■ RECORDED DATA:
★ ★ ★ ★ ★ ★ ★

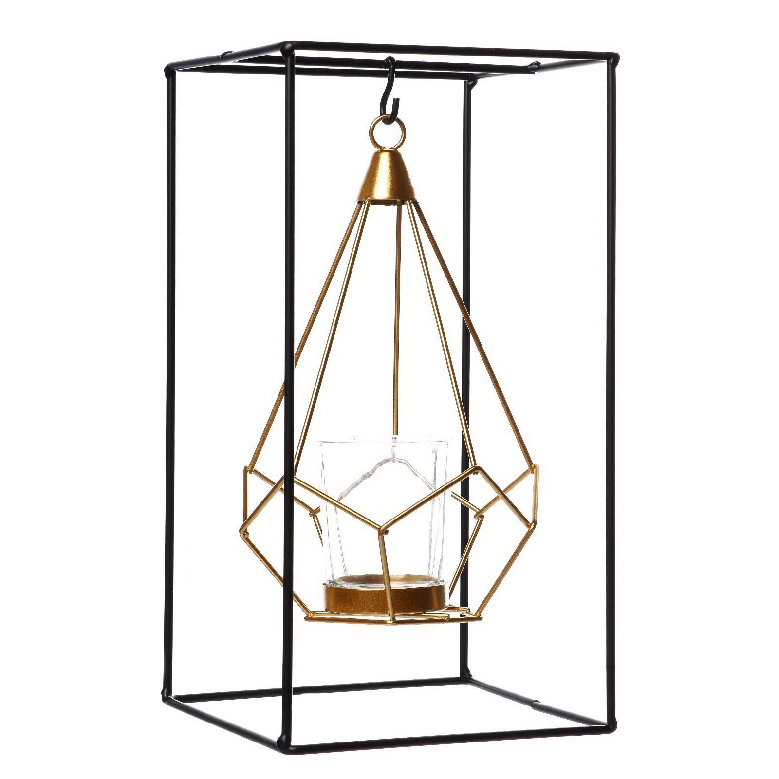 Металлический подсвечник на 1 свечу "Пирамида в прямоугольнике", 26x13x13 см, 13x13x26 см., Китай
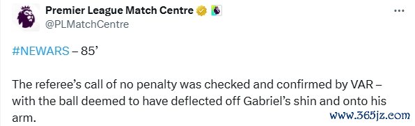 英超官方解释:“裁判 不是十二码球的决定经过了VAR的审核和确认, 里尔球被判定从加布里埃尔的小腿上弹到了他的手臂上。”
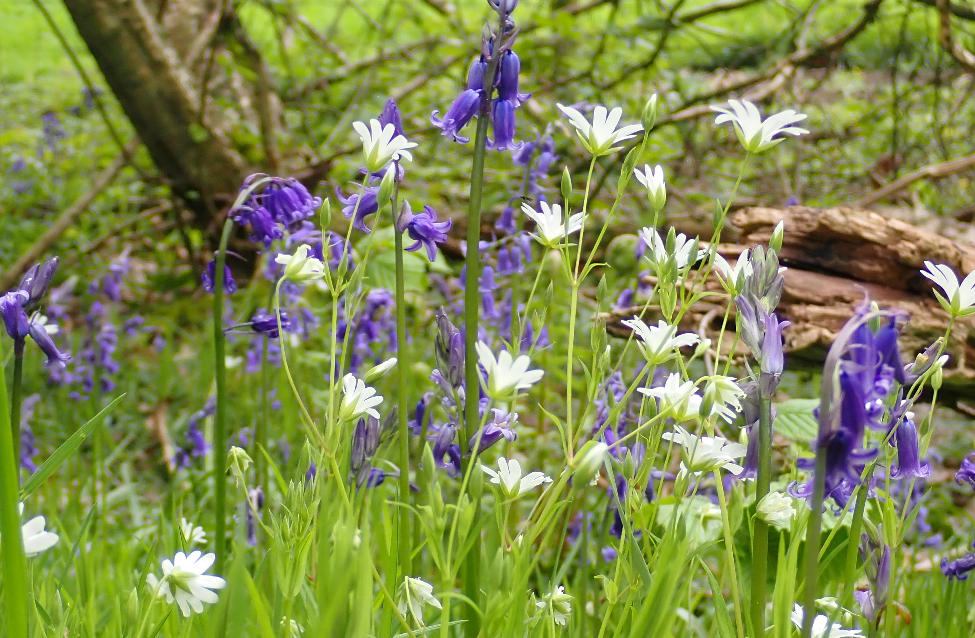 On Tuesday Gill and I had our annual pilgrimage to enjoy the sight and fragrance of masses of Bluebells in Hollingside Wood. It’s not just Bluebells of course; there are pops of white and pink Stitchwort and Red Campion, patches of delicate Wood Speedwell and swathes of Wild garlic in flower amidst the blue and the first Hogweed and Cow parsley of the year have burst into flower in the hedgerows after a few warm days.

★ ★ ★ ★ ★ ★ ★

■ WORK TO COMPLETE: Exclude images. Return the data above verbatim.

■ SOLUTION FOR THIS EXERCISE:
 Металлический подсвечник на 1 свечу "Пирамида в прямоугольнике", 26x13x13 см, 13x13x26 см., Китай
 英超官方解释:“裁判 不是十二码球的决定经过了VAR的审核和确认, 里尔球被判定从加布里埃尔的小腿上弹到了他的手臂上。”
 On Tuesday Gill and I had our annual pilgrimage to enjoy the sight and fragrance of masses of Bluebells in Hollingside Wood. It’s not just Bluebells of course; there are pops of white and pink Stitchwort and Red Campion, patches of delicate Wood Speedwell and swathes of Wild garlic in flower amidst the blue and the first Hogweed and Cow parsley of the year have burst into flower in the hedgerows after a few warm days.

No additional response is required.